Dear Mom: I Remember Us
Dear Mom,
Your oldest granddaughter loves grape-flavored lip balm.
I would never buy grape-flavored anything but the lip balm came in a trial beauty box subscription. The smell always makes me think of Dimetapp. I remember you making me take it whenever I had a cold, even though I hated the flavor.
I remember you taking care of me when I was sick…
I remember I could never swallow pills (I still have to put them on the back of my tongue), so you would try every method you could come up with if I had to take antibiotics, including covering the pill in margarine and trying to stick it down my throat. I’m pretty sure I thought you were crazy at the time.
I remember you driving two hours when I had a horrible stomach flu my freshman year of college, while my roommate quarantined my half of the dorm room by spraying me down with Lysol.

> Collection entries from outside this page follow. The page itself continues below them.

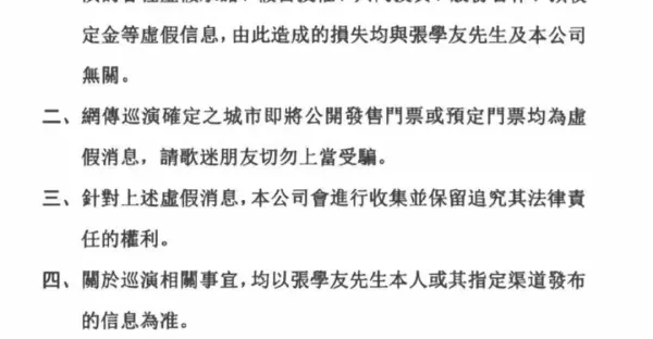 張學友發布消息稱內地巡演新聞不實 歌迷切勿購票上當_媒體_世界_演出商
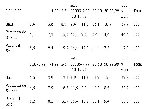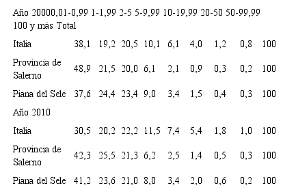 Específicamente, la difusión de la producción de hortalizas de cuarta gama ha significado un salto “evolutivo” para una parte de las explotaciones locales, que han cambiado su organización productiva para insertarse en un sistema totalmente indus- trializado, del campo al supermercado. Excepto en algunos casos, este salto evolutivo no se ha unido a un salto dimensional: las explotaciones y las empresas agrícolas se han mantenido en pequeñas dimensiones, aunque en la década 2000-2010 las empre- sas con menos de 10 hectáreas hayan reducido el porcentaje de superficie utilizada total de un 51,4% a un 45,6% del total (tablas 4 y 5).
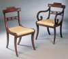 including two carvers, each with curved entablature top rails, the scrolled surmounts with reeded decoration, above a mid rail pierced and carved with rosette and opposing thistles, the drop-in seat raised above sabre legs (8)
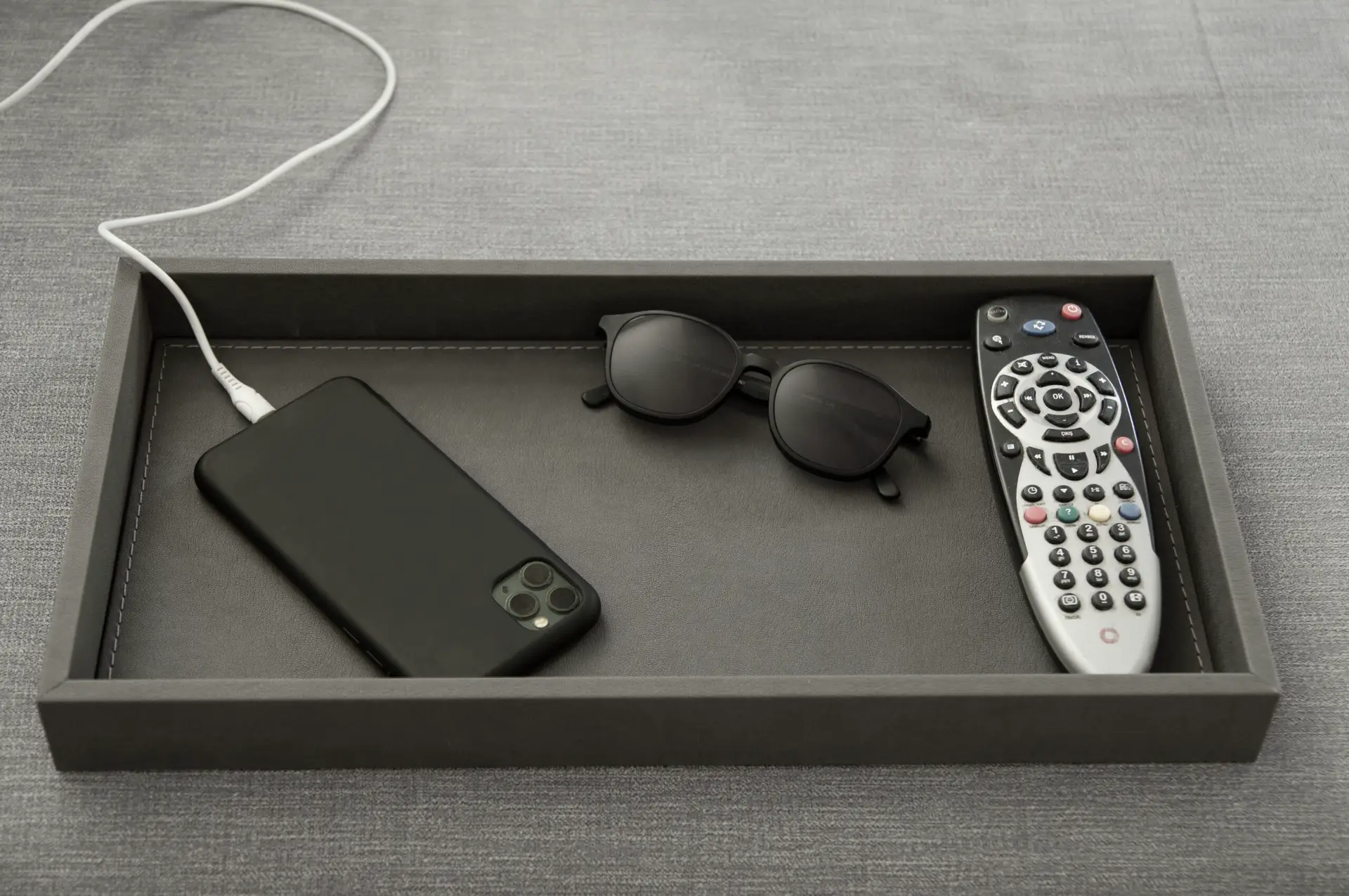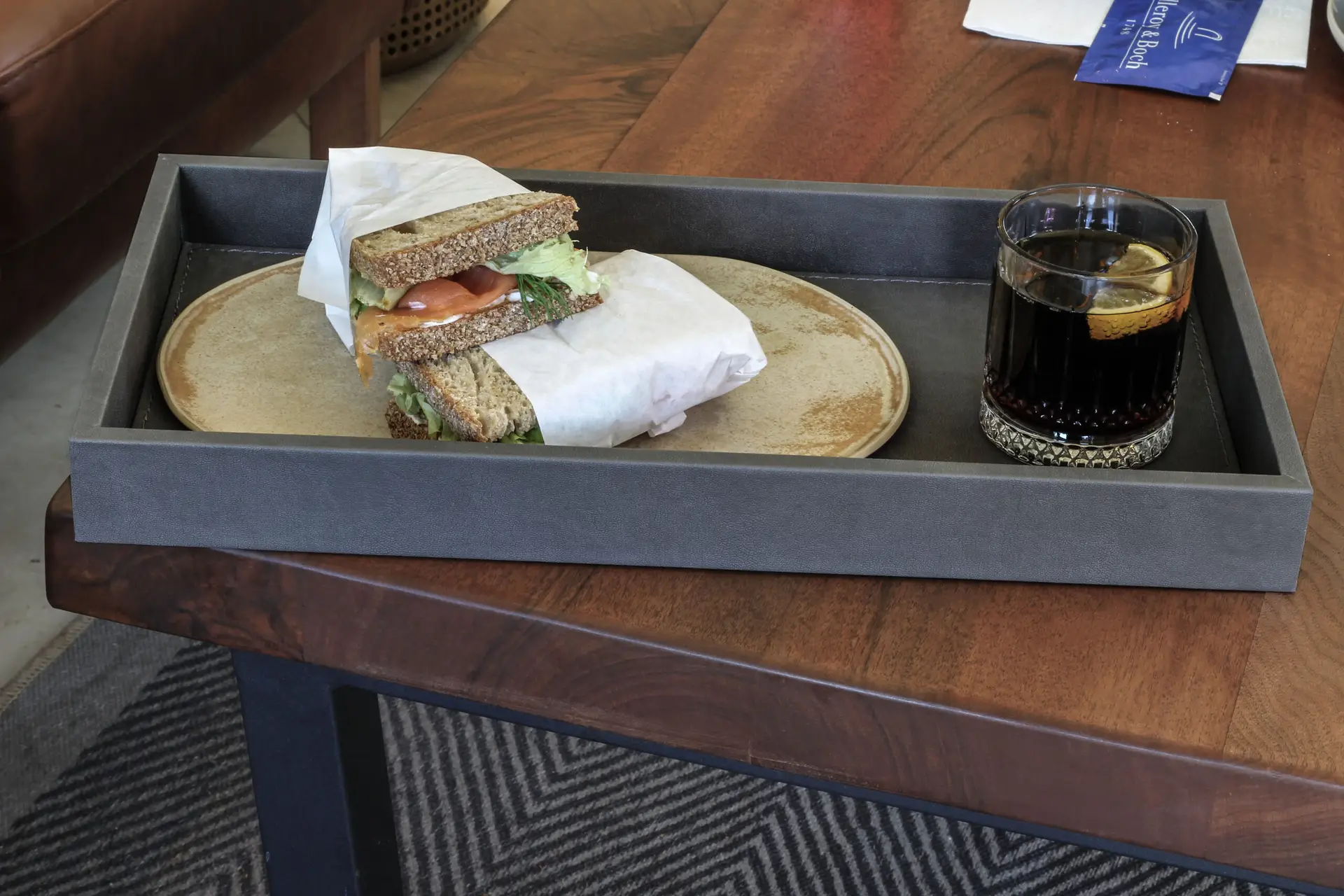 Büyük Boy Antrasit Renk Suni Deri Tepsi
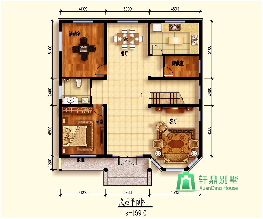 一層:客廳、廚房、餐廳、臥室、衛(wèi)生間、活動(dòng)廳、儲(chǔ)藏室。

And I remember you bringing me home from college when I had mono the same year.
I even remember you spraying my throat with Chloraseptic, while I was sitting on the potty, when I was 2 years old and had chicken pox, probably because it was the only time you caught me sitting still long enough to let you do it.

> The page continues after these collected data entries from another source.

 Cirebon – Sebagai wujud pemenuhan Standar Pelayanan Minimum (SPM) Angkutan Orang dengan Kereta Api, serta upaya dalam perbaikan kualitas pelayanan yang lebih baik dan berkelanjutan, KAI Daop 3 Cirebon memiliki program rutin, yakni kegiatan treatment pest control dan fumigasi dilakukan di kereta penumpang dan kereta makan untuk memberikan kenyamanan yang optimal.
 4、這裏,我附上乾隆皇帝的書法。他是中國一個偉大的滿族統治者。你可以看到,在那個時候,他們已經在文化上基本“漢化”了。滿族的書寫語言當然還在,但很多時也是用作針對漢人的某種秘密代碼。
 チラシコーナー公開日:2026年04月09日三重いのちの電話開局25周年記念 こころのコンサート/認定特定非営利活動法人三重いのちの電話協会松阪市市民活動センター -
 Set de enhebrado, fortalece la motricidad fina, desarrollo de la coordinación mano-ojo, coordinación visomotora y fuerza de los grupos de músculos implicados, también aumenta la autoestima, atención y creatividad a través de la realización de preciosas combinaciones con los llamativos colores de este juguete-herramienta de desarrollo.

I remember you holding my hand…
I remember slipping on a stepping stone at the botanical gardens, when i was 3, pulling a very pregnant you into the frigid water with me, because you were holding my tiny hand so tightly.
I remember you always being there when I needed you, always putting your needs last.
I remember you teaching me…
I remember watching you and wanting to do everything with you. I remember you letting me “help” you in the kitchen, the laundry room, the grocery store and the garden. I remember butchering just about everything in your flowerbed when you let me “prune” plants for the first time; I’m surprised any of your plants survived.
I remember you being my mom, in every sense of the word, not just biologically but completely, with your whole heart. You taught me early on that I had value and that my skills and opinions had value.
I remember us…
I remember us, in the beginning, when I was a little girl, and you were my whole world.
And now I know, with two daughters of my own, that I was your whole world, too. I was your stubborn, curious, amazing little person.
And I remember you looking into my eyes and smiling, sometimes, after Alzheimer’s took your ability to speak, like you remembered us, too.